3 comments
The proposed change does not recognize the critical care transport nursing specialty within the scope nursing practices. With a lack of a critical care interfacility regulation and the over simplification that a critical care transport nurse hold an EMS certification will only further complicate credentialing of the "employed provider" i.e. critical care transport nurse.
The Board of Nursing position statement should mimic the best practices that are authored by the accrediting nursing agencies / Air & Surface Transport Nurse Association (ASTNA) & Accreditation of Medical Transport Systems (CAMTS) which is the recognized specialty of advance scope of practice for critical transport nurses as "employed providers" when working for a health system that holds an EMS agency number .
Agree with Mr. Riley regarding the oversimplification and unnecessary steps to ensure the best use of employed transport nurses in the the environment for which they have been specifically trained, evaluated, and approved to practice by their physician medical director. Great efforts have already been made by medical transport industry experts. ASTNA and CAMTS guidelines would far better serve the Virginia Board of Nursing as the foundation for their statement on the matter.

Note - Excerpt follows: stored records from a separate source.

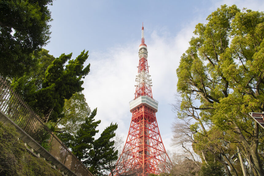 江戸時代のランドマークを参拝した後は、時代をビュンと飛び越えて、昭和の東京を代表するシンボルの元へ。関東地方のテレビ・ラジオの総合電波塔として昭和33年(1958年)に開業した「東京タワー」(地図④)です。高さは333m、建造時は自立式の鉄塔として世界一の高さだったとか。
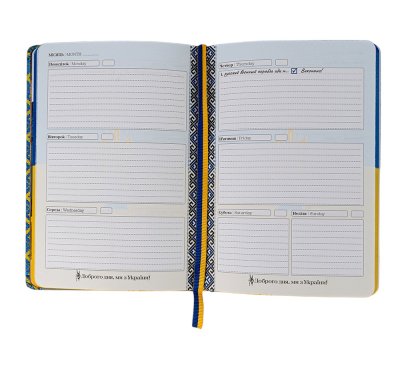 - Блокнот має комбінований внутрішній блок: сторінки в точку та планінг тижня, розрахований на рік.
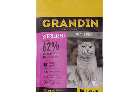Sterilized Grain free Корм Grandin сухой для кастрированных котов и стерилизованных кошек в возрасте от 1 года до 7 лет, с курицей, 10 кг доставка
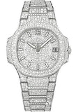33.6mm 18K white gold case paved with diamonds, sapphire-crystal back, diamond paved dial, caliber 324 S C self-winding movement with date in an aperture and center sweep second hand, approximately 35-45 hours of power reserve, 18K white gold bracelet paved with diamonds, fold-over buckle. Water resistant to 30 m.
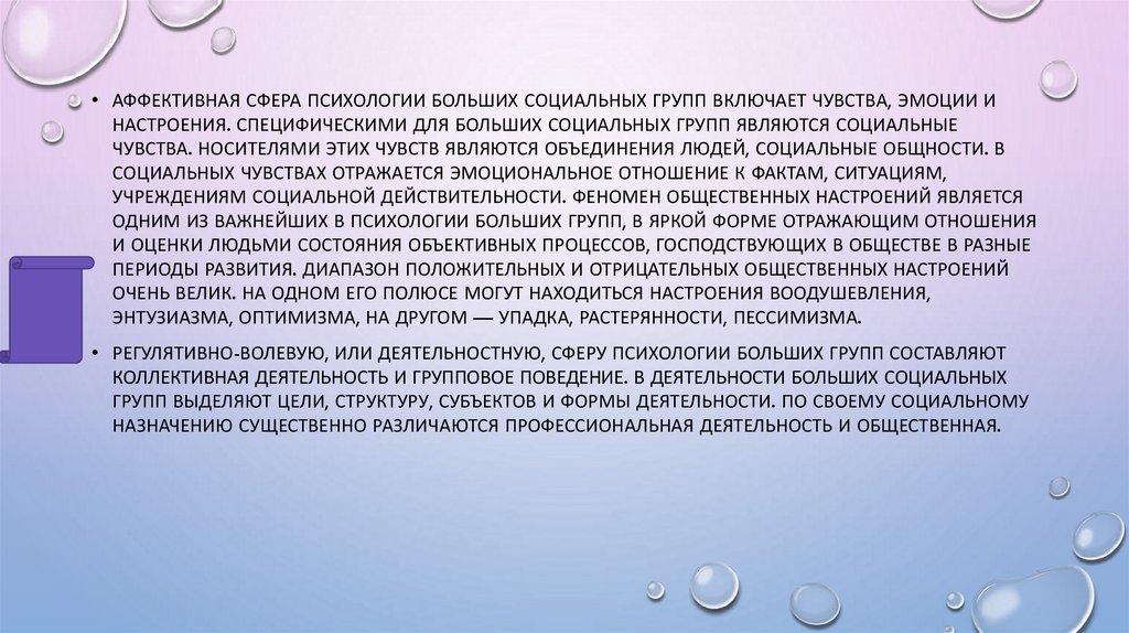 • АФФЕКТИВНАЯ СФЕРА ПСИХОЛОГИИ БОЛЬШИХ СОЦИАЛЬНЫХ ГРУПП ВКЛЮЧАЕТ ЧУВСТВА, ЭМОЦИИ ИНАСТРОЕНИЯ. СПЕЦИФИЧЕСКИМИ ДЛЯ БОЛЬШИХ СОЦИАЛЬНЫХ ГРУПП ЯВЛЯЮТСЯ СОЦИАЛЬНЫЕ
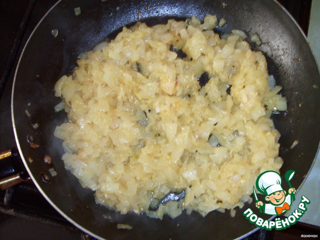 • Лук измельчить и тоже обжарить на масле минут 15-20 (он должен стать мягким), в конце жарки добавить лимонный сок. (У меня лимона не было, я добавила магазинный лимонный сок. Но по желанию можно и не добавлять. Или добавить какой-нибудь другой ингредиент). Лук выложить на тарелку, чтобы остыл.
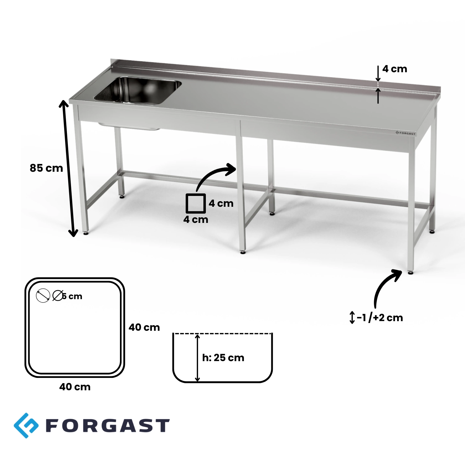 Nerezový stôl s 1-komorovým drezom 280x60x85 cm FORGAST je riešenie, ktoré splní očakávania aj tých najnáročnejších používateľov. Spája trvácnosť, funkčnosť a bezpečnosť používania. Premyslená konštrukcia a možnosť individuálnej konfigurácie spôsobujú, že je ideálny pre potreby profesionálnych kuchýň. Je to investícia, ktorá zabezpečí pohodlie pri práci, jednoduchú údržbu čistoty a dlhú životnosť produktu.
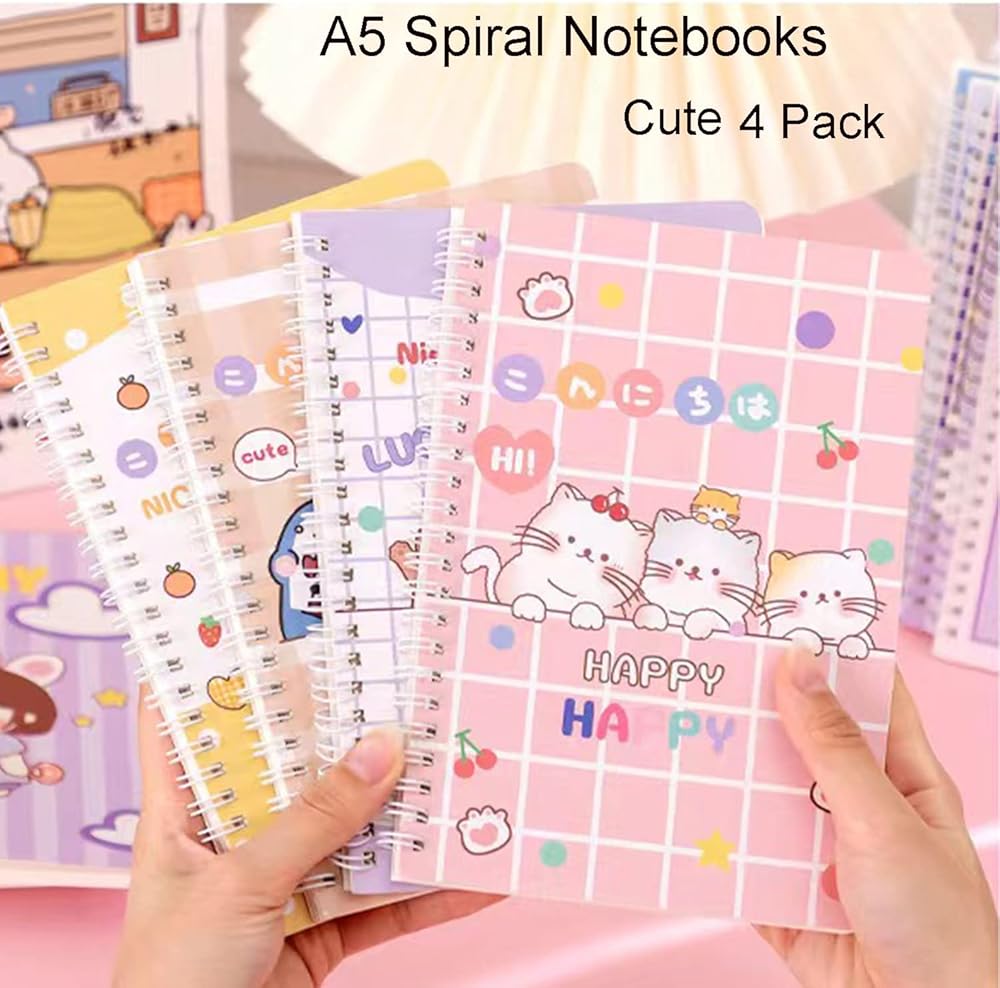 Kawaii Spiral Notebook Set: Each set includes 4 assorted cute cat designs(as picture shows). A great choice for back to school set
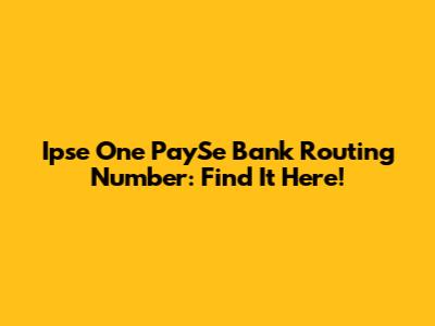 Ipse One PaySe Bank Routing Number: Find It Here!
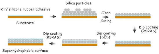 Preparation of superhydrophobic coating. RSRAS: RTV silicone rubber adhesive solution; SES: silica–ethanol suspension.
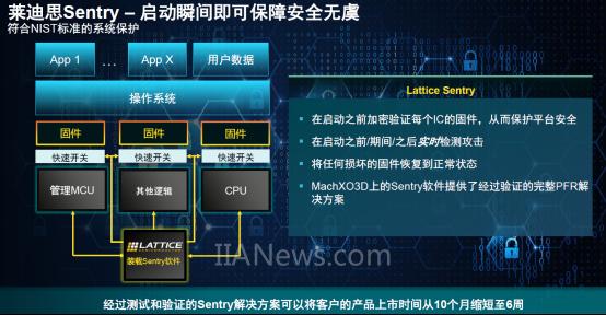 相比傳統(tǒng)的保護,萊迪思的方案在保護機制上有了很大改變。大多數(shù)硬件芯片都會有一個相應(yīng)的固件,由SPI Flash來對這些器件做上電以后的配置,而在此之上才是操作系統(tǒng)層的應(yīng)用程序?qū)?,而XO3D和Sentry的應(yīng)用方案相當于在芯片和固件之間增加了一層額外的保護。

Agree with the prior comments.
The proposed change creates unnecessary hurdles for critical care transport nurses employed by EMS agencies and undermines the strides made over the last two decades to recognize and standardize best practices by agencies such as the Commission on Accreditation of Medical Transport Systems (CAMTS) and the Air & Surface Transport Nurses Association (ASTNA).
The Air & Surface Transport Nurses Association (ASTNA) position statement on the role of RN’s in the out of hospital transport environment is the industry standard and should be used as a model for best practice in the state by the Virginia Board of Nursing. Flight nurses, critical care ground transport nurses, and neonatal-pediatric teams across the state need to be recognized for the nursing contributions to patient safety and quality they can make outside of healthcare facility walls.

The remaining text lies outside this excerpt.